The Dodgers asked the U.S. Bankruptcy Court to authorize a 45-day exclusive negotiating window with Fox, followed if necessary by an auction. In court papers, the Dodgers said Fox, Time Warner, Charter, Dish Network and DirecTV all could be interested in paying the team a lucrative rights fee or partnering in a ‘Dodgers-branded RSN,’ in which the team would own all or part of the cable channel that airs its games.


With such a deal, the Dodgers say they would be able to emerge from bankruptcy protection next year, repay all of their creditors and have ‘excess cash of more than $175 million at the end of 2012.’

The Dodgers said they were ‘hopeful’ that Commissioner Bud Selig would approve a new television deal but were prepared to ask the Bankruptcy Court to overrule Selig if necessary.

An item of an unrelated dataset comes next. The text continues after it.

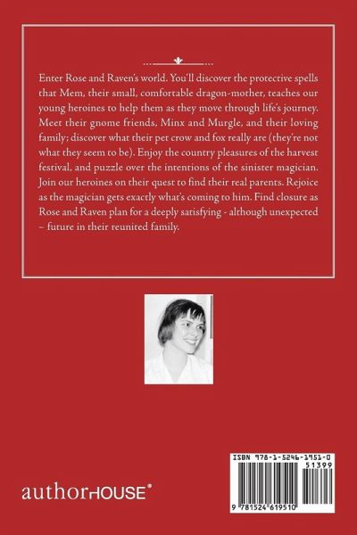 Enter Rose and Raven's world. You'll discover the protective spells that Mem, their small, comfortable dragon-mother, teaches our young heroines to help them as they move through life's journey. Meet their gnome friends, Minx and Murgle, and their loving family; discover what their pet crow and fox really are (they're not what they seem to be). Enjoy the country pleasures of the harvest festival, and puzzle over the intentions of the sinister magician. Join our heroines on their quest to find their real parents. Rejoice as the magician gets exactly what's coming to him. Find closure as Rose and Raven plan for a deeply satisfying - although unexpected - future in their reunited family.

[UPDATED 3:17 p.m.: ‘Objecting to the highest and best bid generated by this process ought to be hard to do,’ said Bruce Bennett, the Dodgers’ lead bankruptcy lawyer. ‘It usually fails.’

Bennett said the competitive bidding should result in a sale for significantly more than the $3 billion Fox deal proposed by McCourt and rejected by Selig.

In court papers, the Dodgers say that the bidding should resolve one of the primary factors cited by Selig in his rejection--that is, McCourt did not maximize his team’s media rights because his immediate need for cash had compelled him to negotiate with Fox now rather than wait until he could solicit bids from other parties.

Major League Baseball had no comment, spokesman Pat Courtney said.]

The Dodgers say the auction of the television rights is the best way to raise money because ‘revenue from other sources such as radio telecast rights and merchandise sales is assumed to not materially improve’ and ‘attendance, which has declined dramatically this year, will be slow to recover to levels enjoyed in previous years.’

Fox, which currently holds exclusive cable rights through 2013, has threatened to sue the Dodgers for damages if they implement the plan they have asked the court to authorize. Major League Baseball also is expected to oppose the plan.